Broadcast (Pub/Sub with Ring) #

final (tx, broadcast) = XChannel.broadcast<int>(capacity: 16);

// Subscriber 1 (starts from now)
final sub1 = broadcast.subscribe();

// Subscriber 2 (replays last 5 items)
final sub2 = broadcast.subscribe(replay: 5);

await tx.send(42);

// Both receive 42
final val1 = await sub1.recv();
final val2 = await sub2.recv();

Rate Limiting (Sender-side) #

Crucial for avoiding cross-isolate overhead on high-frequency events.

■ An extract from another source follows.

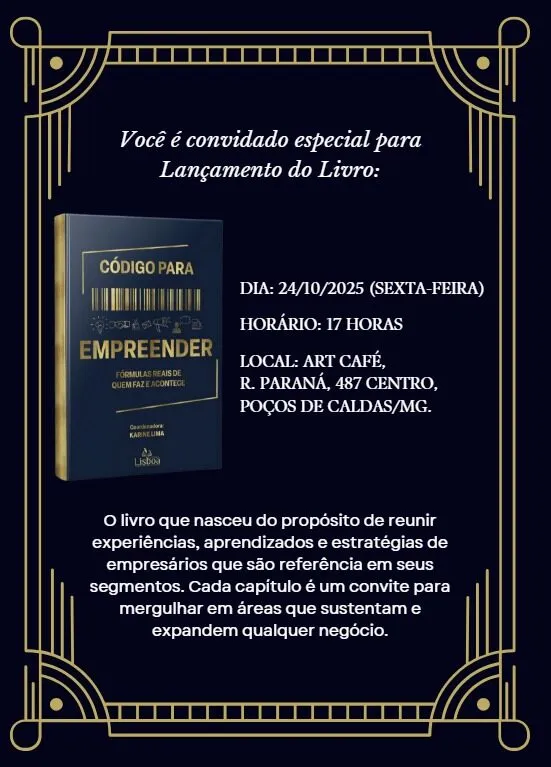 O Art Café, em Poços de Caldas, recebe na próxima sexta-feira, 24 de outubro de 2025, às 17h, o lançamento do livro “Código para Empreender – Fórmulas Reais de Quem Faz e Acontece”, organizado por Karine Lima e publicado pela Editora Lisboa.
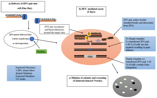 Processes of Zinc-finger nucleases (ZFNs). (a) Delivery of ZFNs into cells by transfection or electroporation. (b) ZFNs are fusions of the nonspecific DNA cleavage domain of the FokI restriction nuclease with zinc-finger proteins. ZFN dimers induce targeted and double-stranded breaks (DSBs) to stimulate the DNA damage response pathways. The binding specificity of the designed zinc-finger domain directs the ZFN to a particular genomic site. The boxes with blue color represent the mechanism of the ZFN genome-editing technique. (c) Cloning of ZFN-genome-edited cells and screening of positive clones by RT-PCR and sequencing analyses. This figure briefly modified from the source (https://www.sigmaaldrich.com/technical-documents/articles/life-science-innovations/targeted-genome-editing.html).

final (tx, rx) = XChannel.mpsc<double>();

// Only send at most 1 item every 100ms
final throttled = tx.throttle(const Duration(milliseconds: 100));

// Wait for silence (100ms) before sending last value
final debounced = tx.debounce(const Duration(milliseconds: 100));

// Usage:
onSliderChanged(val) => throttled.send(val);
onSearchQuery(text) => debounced.send(text);

🔔 Notify (lightweight wakeups) #

A tiny synchronization primitive to signal tasks without passing data.

• notified() → returns a (Future<void>, cancel) pair.
  • If a permit is available, it completes immediately and consumes one permit.
  • Otherwise it registers a waiter until notified or canceled.
• notifyOne() → wakes one waiter or stores one permit if none is waiting.
• notifyAll() → wakes all current waiters (does not store permits).
• close() → wakes everyone with disconnected.
• Integrates with XSelect via onFuture.

import 'package:cross_channel/cross_channel.dart';

final n = Notify();

// Waiter
final (f, cancel) = n.notified();
// ... later: cancel();  // optional

// Notifiers
n.notifyOne(); // or
n.notifyAll();

// With XSelect
final (fu, _) = n.notified();
await XSelect.run<void>((s) => s
  ..onFuture<void>(fu, (_) => null, tag: 'notify')
  ..onTick(Ticker.every(const Duration(seconds: 1)), () => null, tag: 'tick')
);

🧰 XSelect (futures/streams/receivers/timers) #

XSelect lets you race multiple asynchronous branches and cancel the losers.

Cheat-sheet

• Channels (Receiver)

  • onRecv(rx, (RecvResult

  • onRecvValue(rx, (T) -> R, {onDisconnected, tag})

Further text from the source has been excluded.